[WikiEN-l] Foundational rumblings
Jay Litwyn
brewhaha at freenet.edmonton.ab.ca
Wed Sep 23 13:12:49 UTC 2009
"Charles Matthews" <charles.r.matthews at ntlworld.com> wrote in message
news:4AB356B7.3090306 at ntlworld.com...
> Over in the recondite if productive arena of WikiProject Mathematics,
> fresh eyeballs have been looking over articles in areas that retain a
> structure imposed up to five years ago, and not much liking what they
> see. Basically there were POV forks introduced in areas, to calm down
> edit wars, at a time when the "POV fork" concept was not so well
> understood. I remember well the relief with which User:Kevin Baas was
> given a sandbox for his treatment of tensors.
>
> So now it doesn't all look so good any more.
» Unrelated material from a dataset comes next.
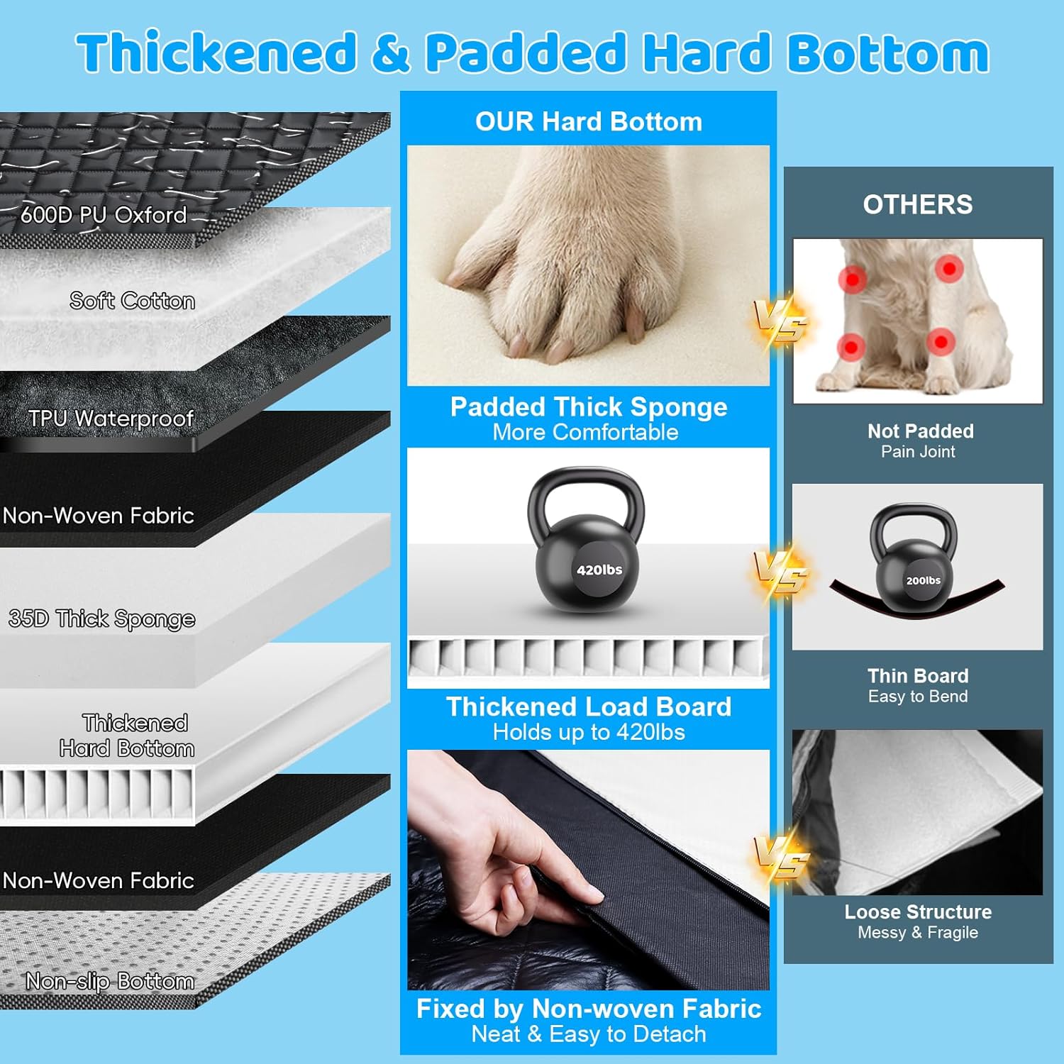 - Fits Full-Size SUVs & Trucks: 56.7 " L x 30.3" W (XL hard bottom size) is designed for full size SUVs and Crew Cab Trucks, suitable for F150/ F250/F350/RAM 1500/Tundra/GMC Crew Cab, etc. Please measure the space of your back seat before ordering
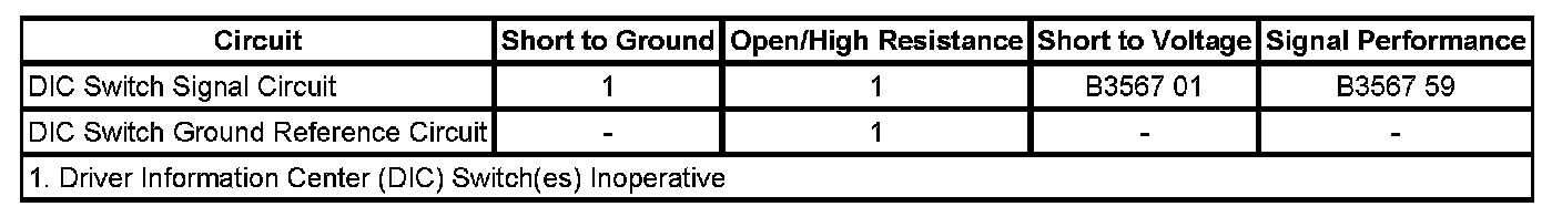 - Driver Information Center (DIC) Select Switch Circuit Short To Battery

This cuts to fundamentals,
> because mathematicians feel that the topic sentence in an article should
> serve as a definition. For comparison, I looked at [[quantum field
> theory]] for a comparison: reads "Quantum field theory (QFT) provides a
> theoretical framework for constructing quantum mechanical models of
> systems classically described by fields or of many-body systems." So it
> tells you what QFT does, not what it is (unsurprising, with the jury
> still out). The mathematicians' take is clearly limited to areas where
> you can say definitely what something is (i.e. the domain of axiomatic
> definitions).
>
> That being said, there seems to be the scope for clarifying how an area
> that is axiomatic should be organised according to our revered
> principles of summary style (WP:SS). There are numerous instances, it
> seems, where we have "menu style" in place of "summary style", i.e.
> different treatments according to taste. The foundational issue does
> seem to need addressing, and could cause quite some upheavals (such as
> we have got out of the habit of living with). It could be that we now
> accept articles with titles like [[introduction to string theory]], as
> pedagogic stepping stones. But neutrality means, surely, that treatments
> that are really "introduction to X from the POV of Y" are out of place,
> or at least to be seriously deprecated.
In "The Edge of Tomorrow", Isaac Asimov did a good treatment of
forks in mathematics. Three of them stem from variations on
Euclid's fifth postlate, which defines parallel. It's an excellent book;
alternates fact with tangential fiction.
_______
Quantum Mechanics, n.: The dreams from which stuff is made.